YOUR TASK:
Taking the data below, please print only the lines from the line holding "서울시 한강사업본부는 6월" to the line holding "כיסוי מהודר ויוקרתי", inclusive, with pictures omitted.

BEGIN DATA FOR ANALYSIS

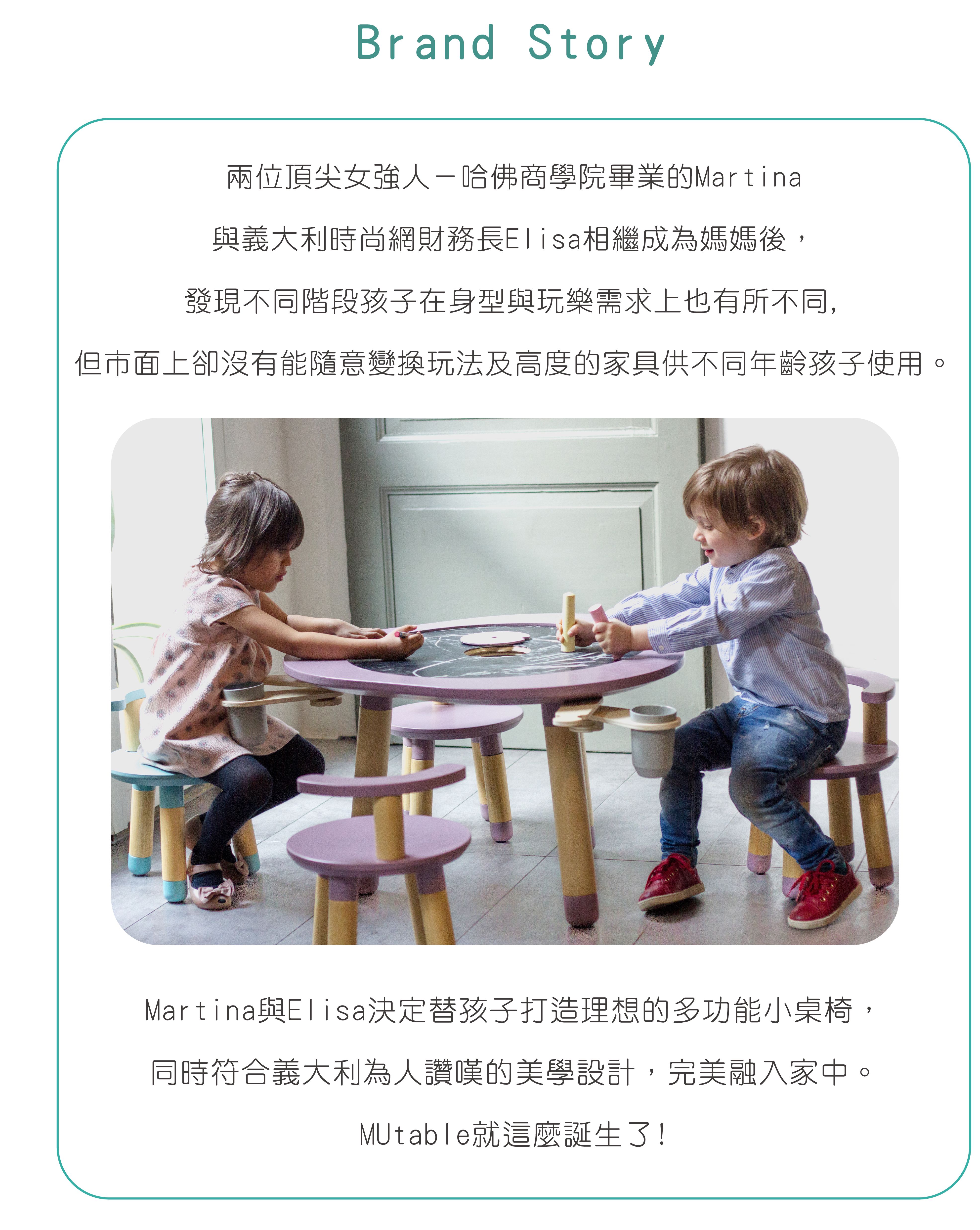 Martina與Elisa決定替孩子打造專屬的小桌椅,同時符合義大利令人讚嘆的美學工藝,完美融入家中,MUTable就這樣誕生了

END DATA FOR ANALYSIS
BEGIN DATA FOR ANALYSIS

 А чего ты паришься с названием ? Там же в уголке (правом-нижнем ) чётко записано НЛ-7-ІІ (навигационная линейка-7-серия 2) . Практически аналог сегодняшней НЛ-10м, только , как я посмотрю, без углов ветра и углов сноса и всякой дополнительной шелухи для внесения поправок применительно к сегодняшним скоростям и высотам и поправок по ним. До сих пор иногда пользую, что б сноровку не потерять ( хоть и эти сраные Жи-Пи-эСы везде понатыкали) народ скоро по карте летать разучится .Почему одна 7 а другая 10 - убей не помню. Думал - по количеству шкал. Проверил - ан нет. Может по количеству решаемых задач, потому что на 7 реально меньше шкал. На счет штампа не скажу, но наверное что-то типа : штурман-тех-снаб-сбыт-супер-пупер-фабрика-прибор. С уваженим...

END DATA FOR ANALYSIS
BEGIN DATA FOR ANALYSIS

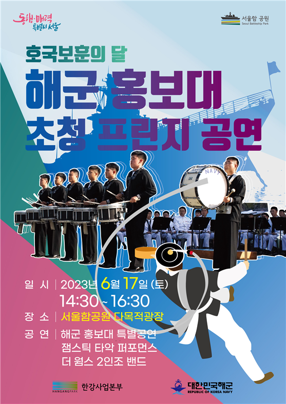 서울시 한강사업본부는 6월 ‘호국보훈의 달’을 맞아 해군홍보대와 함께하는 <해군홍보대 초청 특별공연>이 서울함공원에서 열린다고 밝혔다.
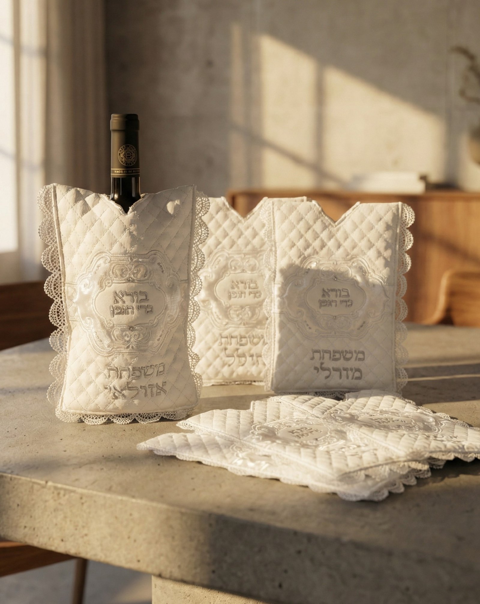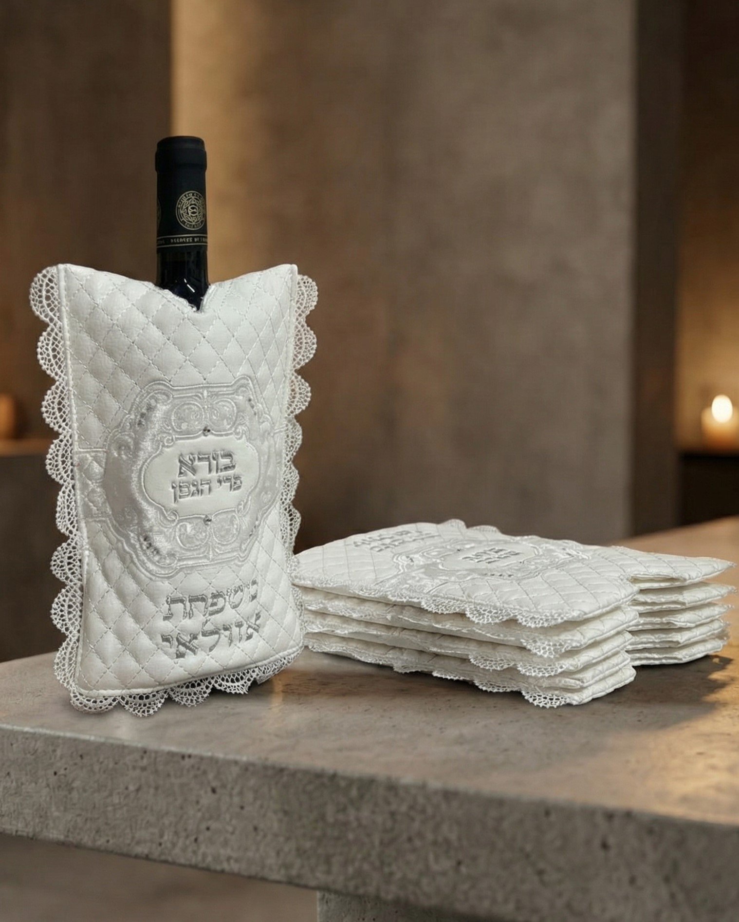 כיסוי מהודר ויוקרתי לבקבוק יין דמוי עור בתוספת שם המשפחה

END DATA FOR ANALYSIS

FINISHED TASK:
 서울시 한강사업본부는 6월 ‘호국보훈의 달’을 맞아 해군홍보대와 함께하는 <해군홍보대 초청 특별공연>이 서울함공원에서 열린다고 밝혔다.
 כיסוי מהודר ויוקרתי לבקבוק יין דמוי עור בתוספת שם המשפחה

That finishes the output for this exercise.